The CBA’s Business Law Section brought together securities law experts from across the country to comment on the latest draft of the Act. Along with the Canadian Corporate Counsel Association, they previously commented on the 2014 consultation document on the capital markets regulatory system governance and legislative framework, which included the initial draft of the Act, and the 2015 consultation draft of the provincial/territorial legislation and initial regulations.
A repeated recommendation in the latest submission on the Act from the Business Law Section is that the government should extend the time for consultations “to allow for more robust feedback” on the design of the federal regulator for opt-in provinces – British Columbia, Saskatchewan, Ontario, New Brunswick, P.E.I. and Yukon.

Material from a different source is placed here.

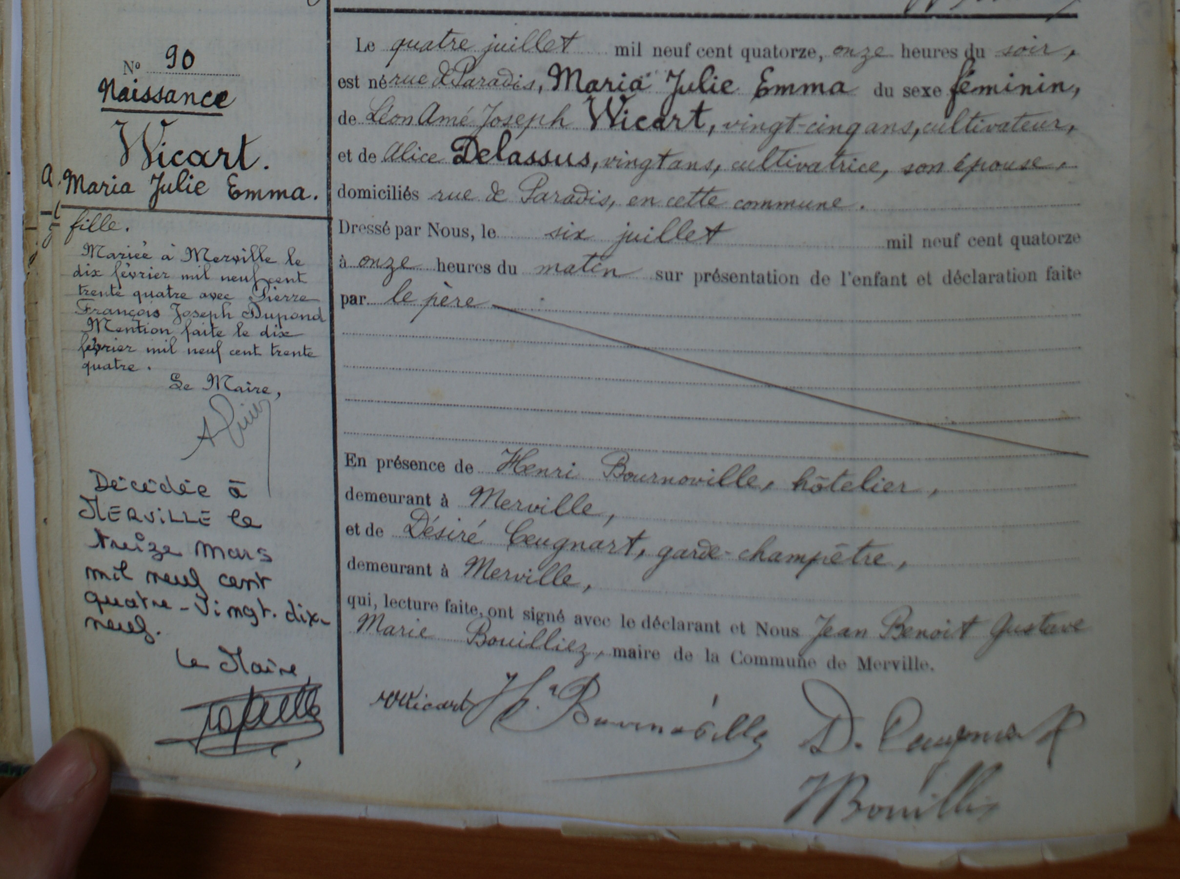 Acte de naissance de Maria Julie Emma WICART Décès Samedi 13 mars 1999 Merville, 59660, Nord, Hauts-de-France, France

On the whole, the Section says it supports many of the changes to the Act in response to previous feedback from stakeholders, but it still has concerns in a number of areas, primarily governance.
The fact that the Capital Markets Regulatory Authority Act has not yet been released for review muddies the waters when it comes to governance, the Section says, as it “leaves many questions about whether and how the Authority has the ability to fulfill (its) distinct mandates.”
Questions left unanswered include how the regulator will be funded, how hearings will occur and the role it will have in the prosecution of offences, as well as how the Authority’s administration and enforcement power will be applied. There is also an overlap between offences under the Capital Markets Act and the Capital Markets Stability Act that must be addressed in order to avoid duplication of efforts, and the proposed Act has few details on the interplay between participating and non-participating jurisdictions.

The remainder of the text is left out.